REQUIREMENT -> Only the lines from the top of the listing below through the line containing "注意:js中并没有堆和栈概念,只是通过堆栈方式便于我们理解代码执行方式。 - 堆栈在内存中存在形式" should be output, exactly and with no pictures.

SUPPLIED DATA ->

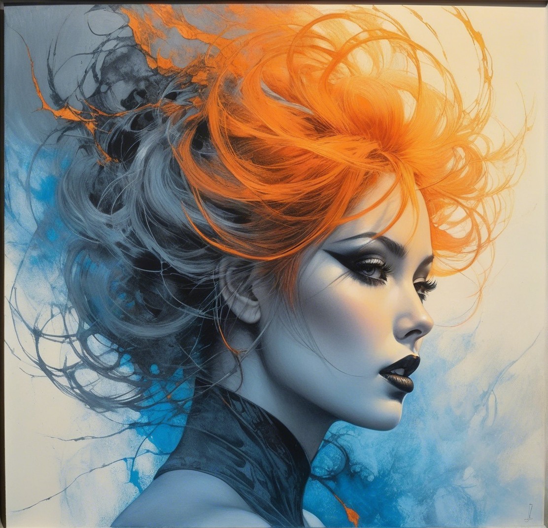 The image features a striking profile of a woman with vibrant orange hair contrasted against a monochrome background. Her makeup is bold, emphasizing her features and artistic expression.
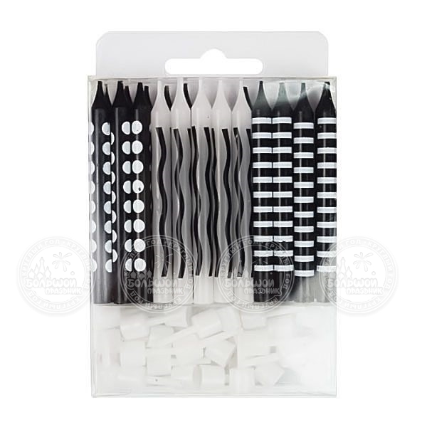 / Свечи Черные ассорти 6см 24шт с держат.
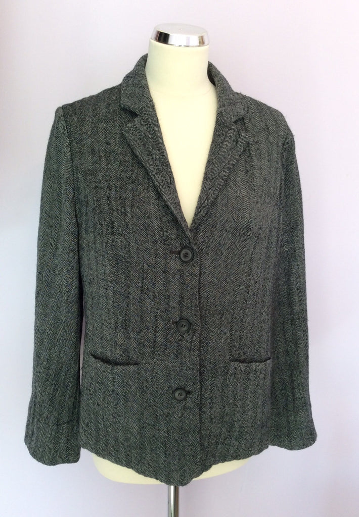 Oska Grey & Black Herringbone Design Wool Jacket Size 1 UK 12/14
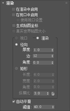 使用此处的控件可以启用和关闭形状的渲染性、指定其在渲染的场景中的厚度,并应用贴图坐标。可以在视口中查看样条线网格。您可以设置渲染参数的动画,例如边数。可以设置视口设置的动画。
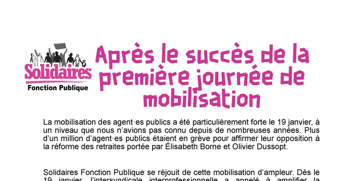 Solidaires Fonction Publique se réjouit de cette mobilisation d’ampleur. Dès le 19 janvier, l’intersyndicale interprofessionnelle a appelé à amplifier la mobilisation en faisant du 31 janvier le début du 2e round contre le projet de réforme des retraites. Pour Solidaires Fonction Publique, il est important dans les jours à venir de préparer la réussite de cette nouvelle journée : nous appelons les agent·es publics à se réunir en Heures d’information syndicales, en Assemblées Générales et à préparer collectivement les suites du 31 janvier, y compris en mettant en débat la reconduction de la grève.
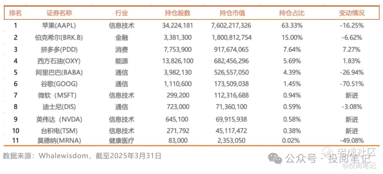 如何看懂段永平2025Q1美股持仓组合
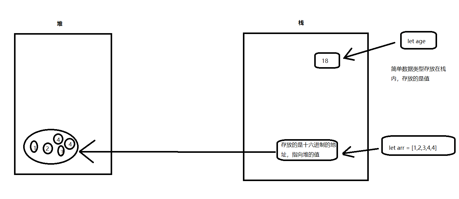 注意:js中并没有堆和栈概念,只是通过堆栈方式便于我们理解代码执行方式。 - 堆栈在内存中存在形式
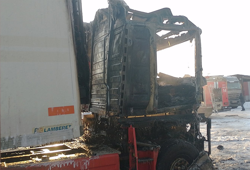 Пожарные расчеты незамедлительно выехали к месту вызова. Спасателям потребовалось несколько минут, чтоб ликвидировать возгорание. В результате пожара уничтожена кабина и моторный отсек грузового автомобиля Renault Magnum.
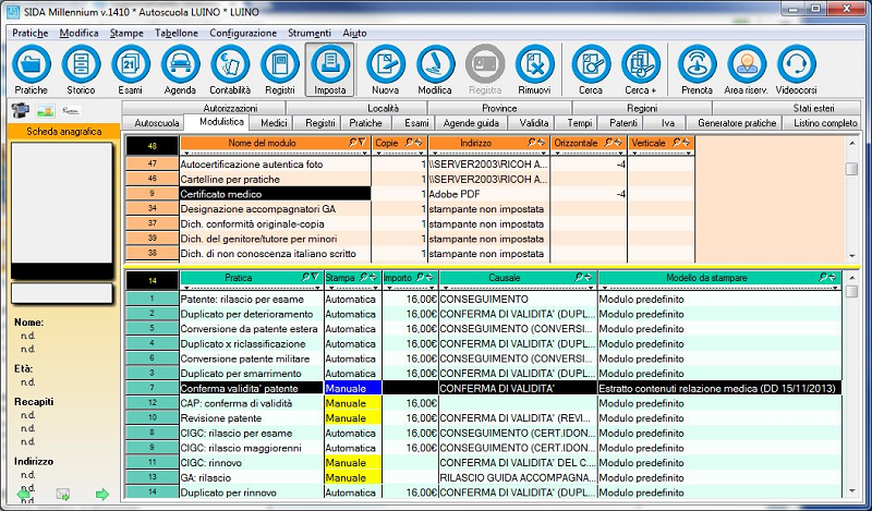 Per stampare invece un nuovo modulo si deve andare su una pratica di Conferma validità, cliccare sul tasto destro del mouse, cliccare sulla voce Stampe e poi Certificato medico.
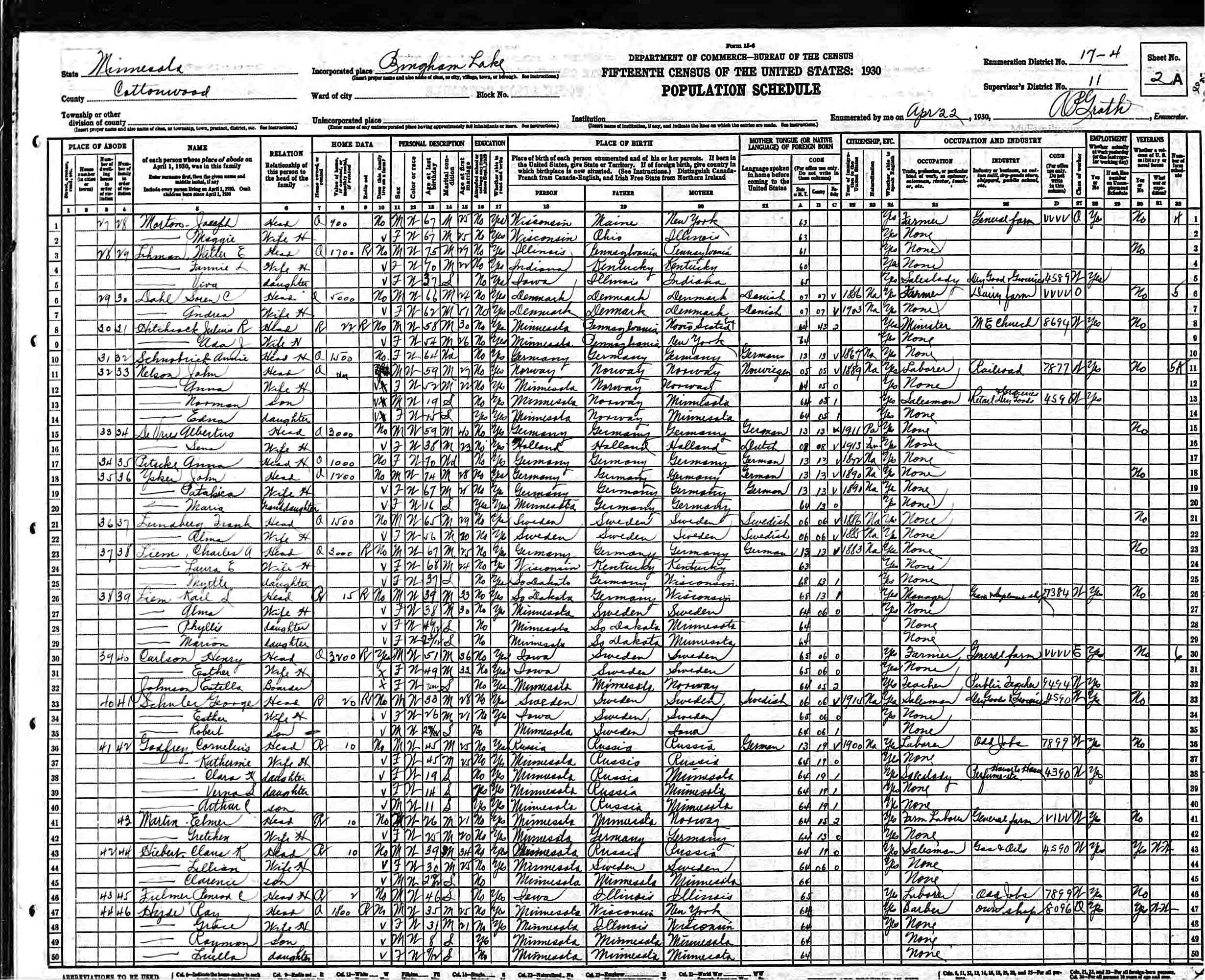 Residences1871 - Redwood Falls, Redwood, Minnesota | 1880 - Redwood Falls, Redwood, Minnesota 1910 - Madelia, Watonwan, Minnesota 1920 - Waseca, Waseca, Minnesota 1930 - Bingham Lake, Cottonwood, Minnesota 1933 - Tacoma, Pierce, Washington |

EXERCISE OUTPUT ->
 The image features a striking profile of a woman with vibrant orange hair contrasted against a monochrome background. Her makeup is bold, emphasizing her features and artistic expression.
 / Свечи Черные ассорти 6см 24шт с держат.
 Oska Grey & Black Herringbone Design Wool Jacket Size 1 UK 12/14
 使用此处的控件可以启用和关闭形状的渲染性、指定其在渲染的场景中的厚度,并应用贴图坐标。可以在视口中查看样条线网格。您可以设置渲染参数的动画,例如边数。可以设置视口设置的动画。
 Solidaires Fonction Publique se réjouit de cette mobilisation d’ampleur. Dès le 19 janvier, l’intersyndicale interprofessionnelle a appelé à amplifier la mobilisation en faisant du 31 janvier le début du 2e round contre le projet de réforme des retraites. Pour Solidaires Fonction Publique, il est important dans les jours à venir de préparer la réussite de cette nouvelle journée : nous appelons les agent·es publics à se réunir en Heures d’information syndicales, en Assemblées Générales et à préparer collectivement les suites du 31 janvier, y compris en mettant en débat la reconduction de la grève.
 如何看懂段永平2025Q1美股持仓组合
 注意:js中并没有堆和栈概念,只是通过堆栈方式便于我们理解代码执行方式。 - 堆栈在内存中存在形式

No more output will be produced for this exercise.